Normalizing Flows and Their Applications in Precision Physics and Applied Mathematics
Supervisors: Prof. Peter Schleper (UHH), Prof. Daniel Ruprecht (TUHH)

Lars obtained his Bachelor's degree in technomathematics at Hamburg University of Technology and the consecutive Master's degree at the Universität Hamburg. He wrote his Master’s thesis at the Institute of Atmospheric Physics of the German Aerospace Center (DLR) on "Artificial Neural Networks for Individual Tracking and Characterization of Wake Vortices in LiDAR Measurements" (https://elib.dlr.de/189820/).

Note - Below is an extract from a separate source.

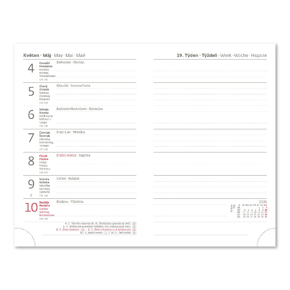 medzinárodné sviatky, ročný výhľad, týždenný layout, adresár.

The aim of his project is the development of deep normalizing flow networks (NFs) to obtain probability densities of stochastic data and demonstrate their usage in precision measurements and searches for new interactions in particle collisions at highest energies, as well as for inversion problems. While deep neural networks are by now routinely used in most classification problems in particle physics, their usage is still limited since the understanding of the network response in terms of likelihoods is most of the time unknown. Likelihood-based estimation however is the standard working horse for both precision measurements of fundamental parameters (e.g. top quark mass) and for searches of rare processes (e.g. triple-Higgs interactions), where only a few measured events dominate the sensitivity. The NF approach can be a game changer towards interpretable neural networks for many applications. This however requires research for multiclass applications, uncertainty estimation, and inversion properties.